Silent Movie Style: The Hats! The Hats!

The silent era coincided with a glorious time for hats. The 1890s-1910s featured teetering mounds of feathers, beads and sometimes entire birds while the 1920s moved toward the sleek and modern. (Though they were not entirely opposed to the concept of teetering mounds.) And one rule held true through much of the era: You could never, ever go wrong with a tam o’ shanter.

Here are a few fun hats from the silent era. Naturally, I want them all.

Billie Dove’s cloche in The Man and the Moment is positively helmet-like and I love the little twist detail in the front. The perfect hat for tossing one’s pesky ex in the ocean, which is exactly what she does.

(Read my review here.)

Leatrice Joy’s feathered hat in Saturday Night (1922) matches her gown and the whole look has a rather Plantagenet feel, don’t you think? Her character has impulsively married her chauffeur and has discovered that he ain’t so dashing out of uniform. Mixed patterns? The horror!

(You can read my review here.)

Theda Bara opts for more of a turban look in A Fool There Was. Considering the mad vamp fashions that Bara and her contemporaries wore, this is quite understated and I love it.

(You can read my review here.)

Clara Bow rocks a tam in Mantrap. While some fashion sourcebooks state that the tam became popular for women in the 1920s, it was pretty fashionable in the 1910s as well and I have the crochet patterns to prove it! Bow gets extra points for her cute accessorizing with a print scarf.

(Read my review here.)

I’m closing with my favorite 1920s wardrobe: everything Betty Amann wore in Asphalt. The cloche, the bob, those bangs, those false eyelashes… everything screams the twenties and I adore it! Amann’s character also suits the freewheeling Jazz Age. She’s a jewel thief who corrupts a young policeman. Scandalous!

(Read my review here.)

17 Replies to “Silent Movie Style: The Hats! The Hats!”

  1. A fun selection of classic hats.
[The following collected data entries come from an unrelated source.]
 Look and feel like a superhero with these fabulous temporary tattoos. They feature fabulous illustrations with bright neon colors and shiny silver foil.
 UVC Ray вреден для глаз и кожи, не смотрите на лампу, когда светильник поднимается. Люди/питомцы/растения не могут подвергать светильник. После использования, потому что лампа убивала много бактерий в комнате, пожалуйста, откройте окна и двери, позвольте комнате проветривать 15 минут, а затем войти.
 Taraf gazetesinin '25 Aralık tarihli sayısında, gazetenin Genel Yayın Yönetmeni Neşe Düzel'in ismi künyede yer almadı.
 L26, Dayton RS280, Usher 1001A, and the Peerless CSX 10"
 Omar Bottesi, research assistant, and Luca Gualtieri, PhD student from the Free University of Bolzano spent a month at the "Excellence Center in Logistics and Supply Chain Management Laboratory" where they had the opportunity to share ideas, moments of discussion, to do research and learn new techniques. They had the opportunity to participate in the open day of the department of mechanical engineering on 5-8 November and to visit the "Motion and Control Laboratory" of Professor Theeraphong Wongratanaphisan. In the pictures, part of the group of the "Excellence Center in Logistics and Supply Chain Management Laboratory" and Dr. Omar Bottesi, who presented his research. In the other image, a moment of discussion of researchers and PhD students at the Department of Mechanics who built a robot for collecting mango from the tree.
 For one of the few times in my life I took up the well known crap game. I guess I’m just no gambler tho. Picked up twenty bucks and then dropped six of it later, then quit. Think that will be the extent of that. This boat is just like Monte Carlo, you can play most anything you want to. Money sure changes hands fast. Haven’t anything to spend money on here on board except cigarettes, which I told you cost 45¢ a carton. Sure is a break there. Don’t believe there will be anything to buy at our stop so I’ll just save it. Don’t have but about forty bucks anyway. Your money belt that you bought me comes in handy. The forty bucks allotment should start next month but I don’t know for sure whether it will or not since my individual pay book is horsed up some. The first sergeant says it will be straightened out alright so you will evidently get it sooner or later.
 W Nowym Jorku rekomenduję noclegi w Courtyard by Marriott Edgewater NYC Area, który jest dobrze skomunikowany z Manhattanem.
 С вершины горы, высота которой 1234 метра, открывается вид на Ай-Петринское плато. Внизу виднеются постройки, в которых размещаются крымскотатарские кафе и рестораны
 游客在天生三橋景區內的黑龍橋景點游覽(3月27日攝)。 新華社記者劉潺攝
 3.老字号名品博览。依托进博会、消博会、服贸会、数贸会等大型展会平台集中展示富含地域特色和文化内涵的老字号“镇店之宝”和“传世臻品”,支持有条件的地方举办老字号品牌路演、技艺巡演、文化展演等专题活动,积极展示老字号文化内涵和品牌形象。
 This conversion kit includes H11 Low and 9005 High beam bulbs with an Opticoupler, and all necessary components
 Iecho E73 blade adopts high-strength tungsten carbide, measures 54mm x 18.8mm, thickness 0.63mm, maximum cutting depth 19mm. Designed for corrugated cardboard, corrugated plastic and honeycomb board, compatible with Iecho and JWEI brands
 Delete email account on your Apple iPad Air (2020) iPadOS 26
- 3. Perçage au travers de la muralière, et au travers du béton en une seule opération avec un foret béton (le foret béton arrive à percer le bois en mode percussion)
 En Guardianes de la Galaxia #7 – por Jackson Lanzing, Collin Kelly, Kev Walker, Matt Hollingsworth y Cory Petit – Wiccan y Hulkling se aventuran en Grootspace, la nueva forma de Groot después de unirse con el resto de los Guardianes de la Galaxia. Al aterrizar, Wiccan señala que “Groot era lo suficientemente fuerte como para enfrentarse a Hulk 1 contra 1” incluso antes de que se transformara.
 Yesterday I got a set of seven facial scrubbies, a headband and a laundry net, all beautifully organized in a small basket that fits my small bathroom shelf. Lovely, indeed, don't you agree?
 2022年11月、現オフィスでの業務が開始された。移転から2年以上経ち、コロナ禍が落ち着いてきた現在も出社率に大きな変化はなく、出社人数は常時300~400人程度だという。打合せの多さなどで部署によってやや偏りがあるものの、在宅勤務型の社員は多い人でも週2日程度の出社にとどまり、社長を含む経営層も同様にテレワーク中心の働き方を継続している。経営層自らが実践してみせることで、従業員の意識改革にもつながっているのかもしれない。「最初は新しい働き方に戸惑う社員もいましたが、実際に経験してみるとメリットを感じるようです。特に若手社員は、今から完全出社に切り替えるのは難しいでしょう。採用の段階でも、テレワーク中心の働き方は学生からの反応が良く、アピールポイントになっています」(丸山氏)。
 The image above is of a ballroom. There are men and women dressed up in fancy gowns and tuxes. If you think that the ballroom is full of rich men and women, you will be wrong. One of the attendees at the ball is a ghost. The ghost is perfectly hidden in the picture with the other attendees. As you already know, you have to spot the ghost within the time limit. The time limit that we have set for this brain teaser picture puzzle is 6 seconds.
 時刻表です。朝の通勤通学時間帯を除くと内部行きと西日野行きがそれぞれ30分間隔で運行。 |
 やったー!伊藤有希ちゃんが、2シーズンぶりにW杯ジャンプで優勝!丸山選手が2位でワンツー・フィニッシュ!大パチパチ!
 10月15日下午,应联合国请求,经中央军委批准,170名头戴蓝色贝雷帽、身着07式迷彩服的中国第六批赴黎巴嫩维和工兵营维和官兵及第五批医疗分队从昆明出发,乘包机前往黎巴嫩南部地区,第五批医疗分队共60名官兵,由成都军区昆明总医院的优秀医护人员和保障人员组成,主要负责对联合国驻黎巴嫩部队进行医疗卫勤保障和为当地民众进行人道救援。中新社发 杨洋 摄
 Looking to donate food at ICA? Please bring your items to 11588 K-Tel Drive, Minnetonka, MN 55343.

I was expecting/hoping for Mary Pickford in “A New York Hat” (1912), but that’s a much earlier style than any of these. There’s also the deliberate parody of that style from “Those Awful Hats” (1909). Going back even further, Alice Guy got into the hat business in “Automated Hat Maker and Sausage Grinder” (1900) as well as “The Fur Hat” (1907) – but both of those are really about men’s hats.

    1. I thought about including The New York Hat but I think that particular hat was slightly exaggerated for effect: a small town’s idea of New York glamour complete with an entire dead bird. Likewise, Mabel Normand’s charmingly goofy daisy hats during her Keystone days were intentionally on the offbeat side.

  2. This is not a comment on the latest post of yours, but I wish the font size on your posts were larger.and darker I’m 80 years old and my eyes aren’t what they used to be. It makes reading the screen a challenge.

  3. What wonderful gifs! After a wearying day shopping for our larger-than usual 2017 Eve party this post made my evening!

    Gee, what is it about Clara Bow that just draws the eye and nails it to her every move? The winks play a big part, plus a je-ne-sais-quoi…I’ll think of that Glyn designation in a minute 😉

    Fun Factoid: The Tam o’ Shanter is a superb restaurant hang in L.A. that’s as old as Mantrap. Their Scotch Rarebit is not to be beat!

  4. Betty Amann’s hat is gorgeous! I also really like several of the hats Mildred Davis wore in A Sailor Made Man, so pretty!